I think I've bought this unit new in 1991, and it was time the first LEL effects appeared. The whole series featured standard metal boxes with space for five knobs and a mini-toggle switch. A radical departure from an old Soviet DIN5 plug - 1/4" jack sockets - were the most welcome feature in LEL pedals. Today, about 15 years after, the company still exists and makes those pedals. It's website - www.lell.ru - for some unknown reason claims the company was established in 1992 which is not true. Anyway, the website gives us some backgound information on the company. It makes guitar effects, rack effects and small mixers with integrated Alesis digital effects modules(!). The headquaters is located in Moscow, on the Lower Krasnoselskaja street.

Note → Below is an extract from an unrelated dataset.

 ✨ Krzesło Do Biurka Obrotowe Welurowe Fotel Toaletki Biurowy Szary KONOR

The Drive/Distortion features two circuits in one pedal and the mini toggle switches between them. Two upper knobs are overdrive and distortion gains and the lower row of master controls affect both effects.

The overdrive section is more useable because the noise this thing produces is terrible and the distortion amplifies it too much. But I like the sound of the overdrive: it's not brutal and it aplies a very strong EQ to the signal. It cuts everything except for middles in a narrow 800-10kHz range (no' it's not from the manual, it's what I hear). The "filter" knob shifts the frequency peak around 1-5 kHz. All the rest of the knobs affect different gain/volume stages. I use this pedal mainly with vocals - the EQ it produces is very telephone-like and it makes the vocals cut through.

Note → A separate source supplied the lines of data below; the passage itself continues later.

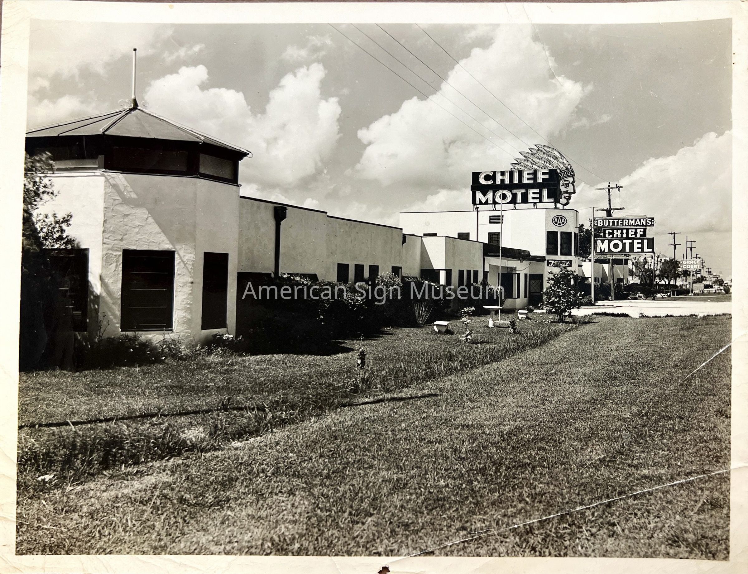 photograph of 1950s neon sign - Butterman's Chief Motel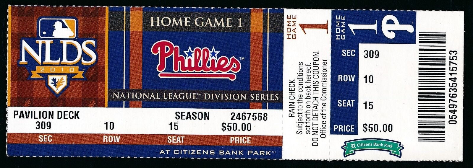 2010 Nlds Game 1 Phillies Vs. Reds Full Ticket Roy Halladay No-Hitter 177147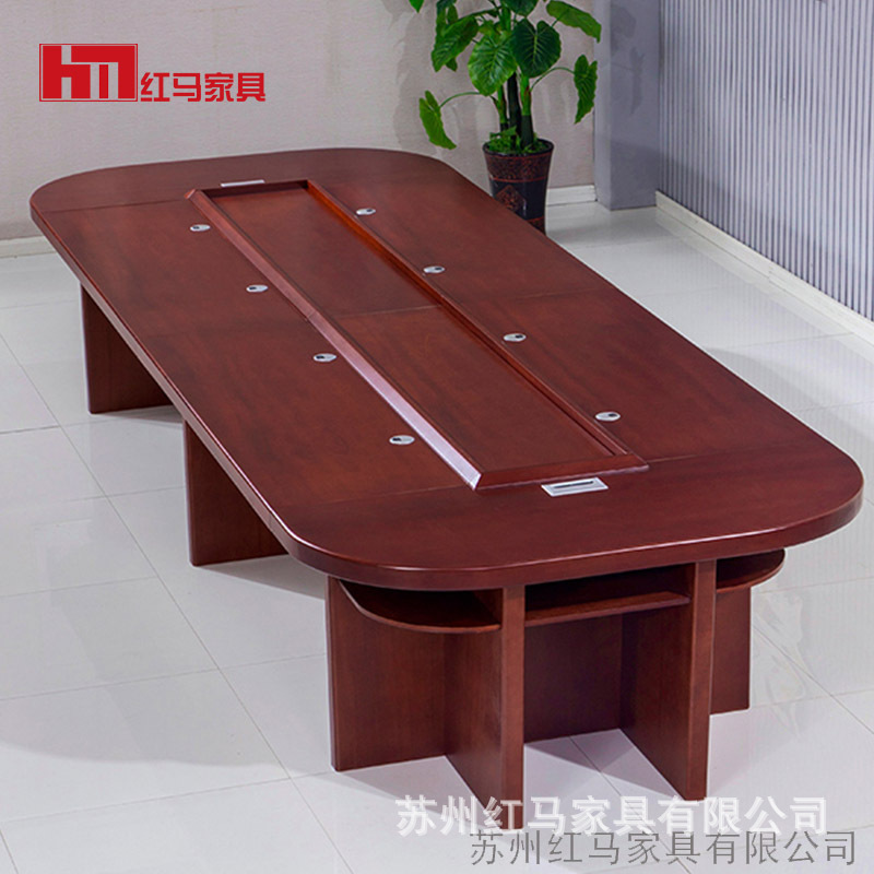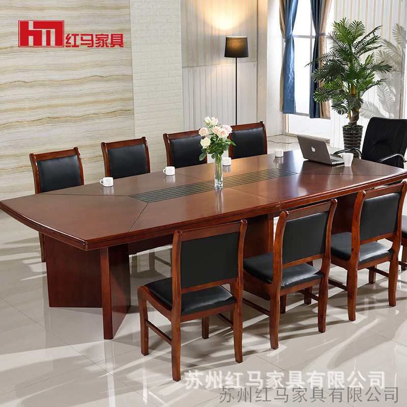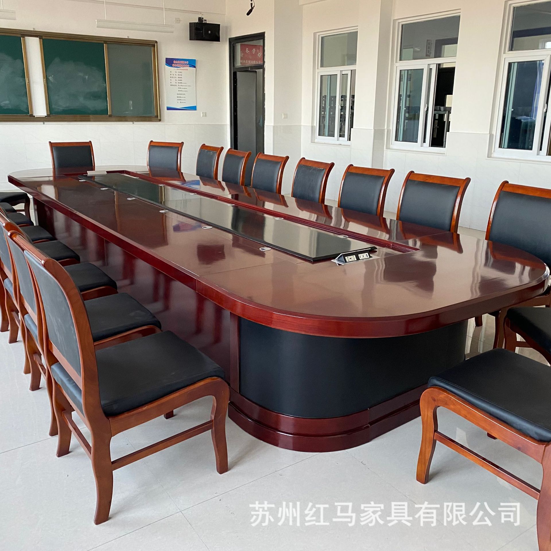 大型会議テーブル楕円形ペンキ実木皮会議室テーブルと椅子の組み合わせビジネス高級テーブル会議テーブル

Unfortunately, all the hardware, knobs, jacks etc. is typical "soviet" stuff. It was scratchy from the very beginning and you cannot touch this pedal without loosing the signal or producing a terrible crrrrrrraAAAck noise. So the use of the LEL is limited to studio only.

The old unit with russian letters

Modern unit with english labeling

A label on the back of the pedal.
A battery cavity is under the footplate; this pedal has a 9V adapter permanently wired to the battery contacts - that's why it looks so messed up.
The PCB back
Opened pedal. The blue pivot is the footswitch.
Closeup of the circuit.
Potentiometers' closeup
This bolt has its' cap covered with some sort of clay; to open the pedal you have to unscrew this bolt. The pedal could have been serviced in the official repair shop ("guarantee repair") only if this bolt had its' cap untouched, which means noone messed with the insides of the effect.